When the slow plodding ox team came at last to the dooryard and Uncle Billy stood shouting outside the house, Sim Colby, holding to tangles where he would meet no chance wayfarer, was already miles away and hurrying to establish his alibi against suspicion, in his own neighborhood--where no one knew he had been absent.

Though it be an evil thing and shameful to confess, ex-private Bud Grant, alias Sim Colby, traveled light-heartedly, roweled by no tortures of conscience, but blithe in the a.s.surance of a ghost laid, and a peril averted.

He would have been both amazed and chagrined had he remained peering from his ambuscade, for when Uncle Billy's shadow fell through the open door the man to whom he had come rose from a chair to meet him, and he presented no mangled or blood-stained breast to the eyes of his visitors.

"Ye ain't jest a-quippin' with me, be ye?" demanded the old mountaineer incredulously when he had heard the story in all its detail. "This hyar's a right serious-soundin' matter--an' ye ain't got no enemies amongst us thet I've heered tell of."

Spurrier pointed out the spot in the newly whitewashed wall where the bullet lay imbedded with its glint of freshly flattened lead.

"After the first experience," he explained, "I'd had some time to think.
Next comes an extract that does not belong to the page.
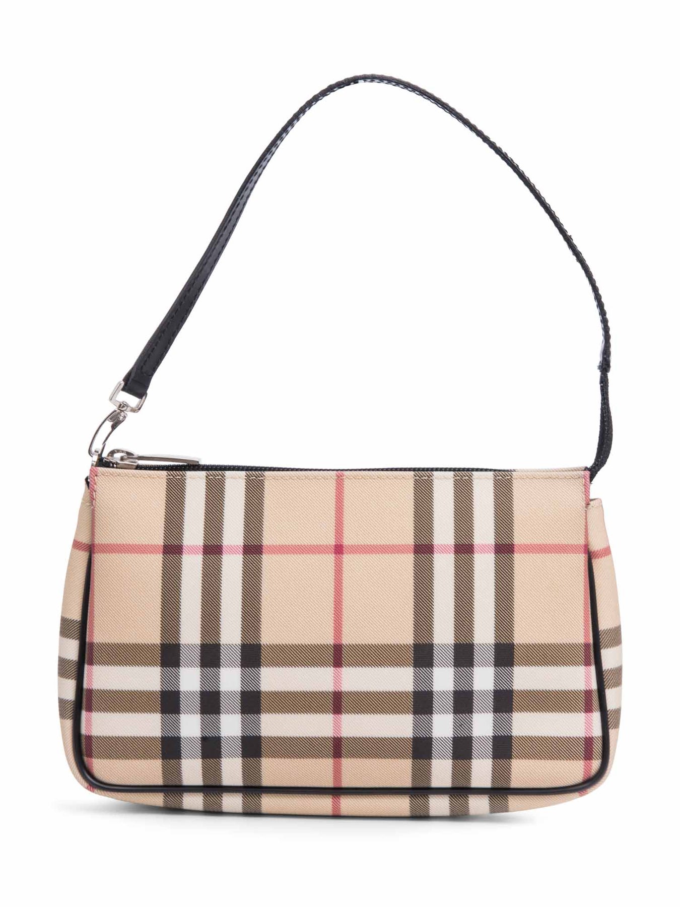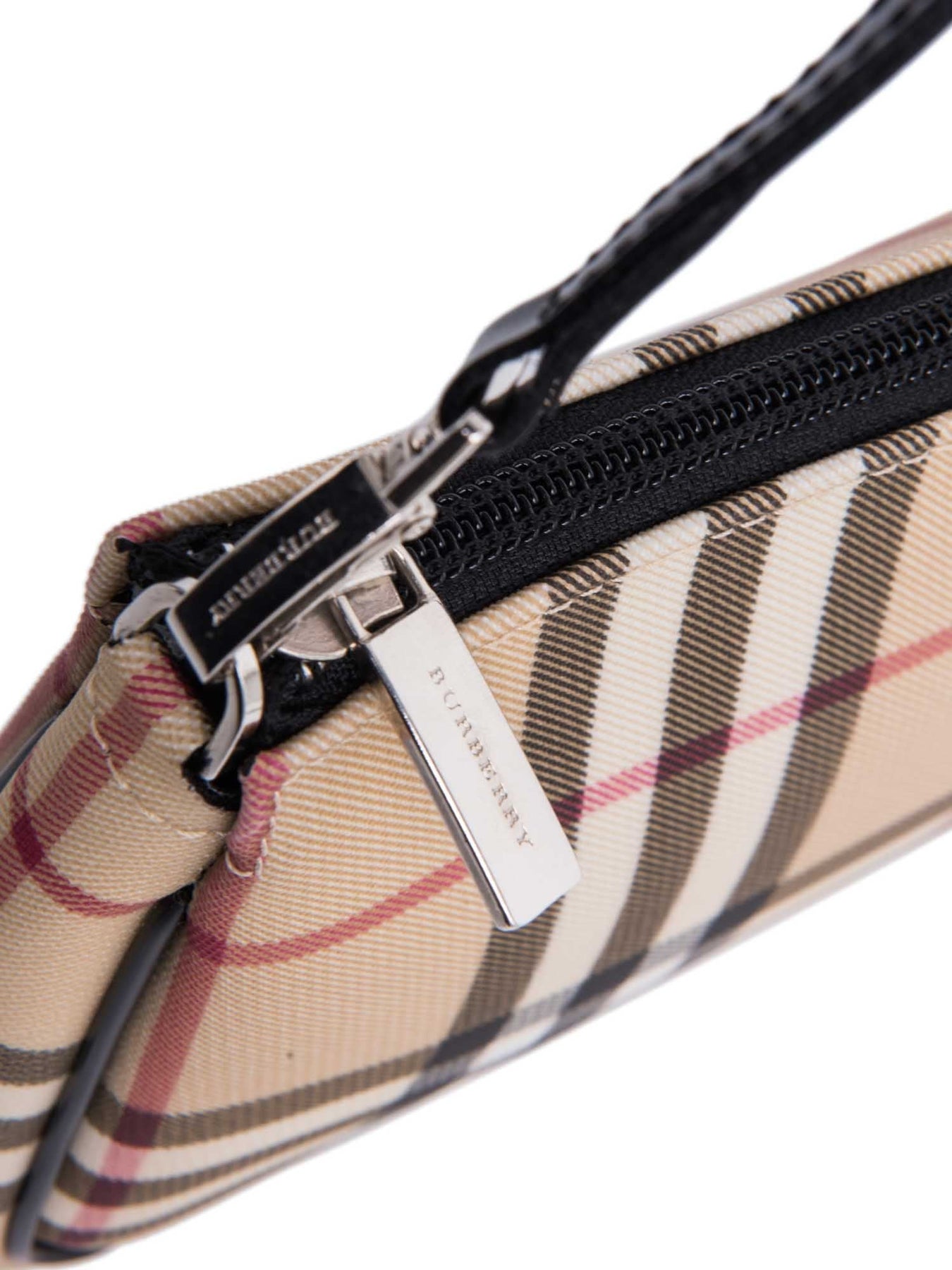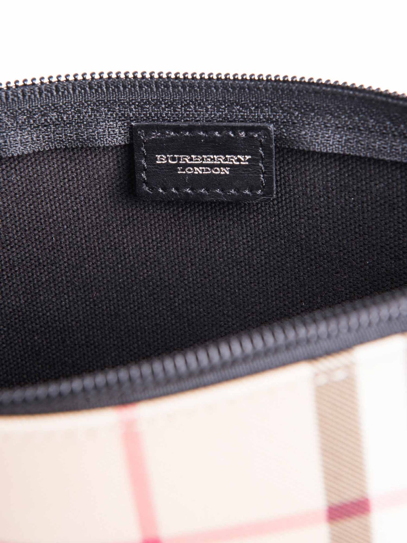 Burberry House Check Pochette Bag or . This Burberry bag is crafted in signature House check canvas with black leather accents and silver tone hardware. This bag features a magnetic buckle closure and a black canvas lined interior with one zipper pocket.

I was standing in the door so I fell down--and played dead." He added after a pause quietly: "I've seen men shot to death, and I happened to know how a man drops when it's a heart hit. I fell inside where I'd be out of sight, because I was unarmed, and all I could do was to wait for you. I watched through the door, but the fellow never showed himself."

"Come on, boys," commanded the old mountaineer in a determined voice.

"Let's beat thet la'rel while ther tracks is still fresh. Mebby we mout l'arn somethin' of this hyar monstrous matter."